Witch Prophet is a queer, Ethiopian/Eritrean, singer/songwriter, the Co-Founder and Director of Toronto based collective/ label 88 Days Of Fortune, and member of feminist-based electro dub hop group 'Above Top Secret'.

She has shared the stage with and opened for acts like TheeSatisfaction, Shabazz Palaces, Lido Pimienta, A Tribe Called Red, Diana King, Shad, Clairmont The Second, SAMMUS, The Cliks, Rae Spoon, Zaki Ibrahim, Kae Sun, LAL, and many more. 

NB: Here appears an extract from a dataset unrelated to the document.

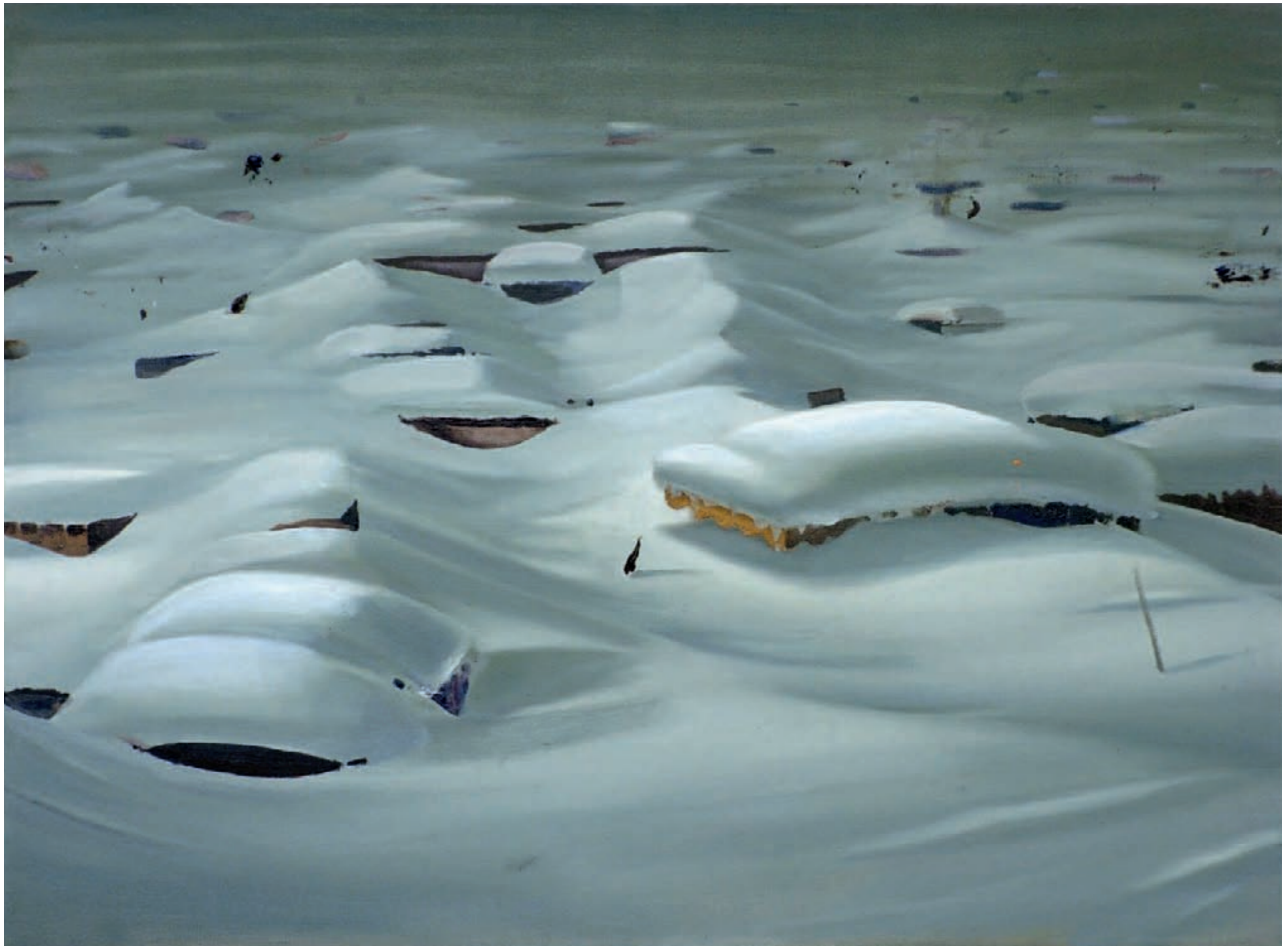
» Schneedecke « Öl auf Leinwand, 70 cm x 100 cm – 2010

Toured Europe independently twice; playing shows in Paris, Amsterdam, London and Berlin, as well as performed at music festivals like: Black Women Rock, Manifesto, Wavelength, Pride Toronto, Soul Of Brooklyn, Montreal Jazz Festival, New Skool Rules, Sappy Fest, Slut Island, Electric Eclectic, Summerworks, Ottawa Capital Pride, Allied Media Conference, AFROPUNK, CMW, NXNE, Inside Out, Under The Volcano, International Women’s Fest and so many more!

Her solo EPs “H.P.B”, and "Architect of Heartbreak Remixes"  were met with great praise when released fall of 2016 and spring of 2017. As was her highly anticipated album “The Golden Octave” released via 88 Days Of Fortune May 18th, 2018.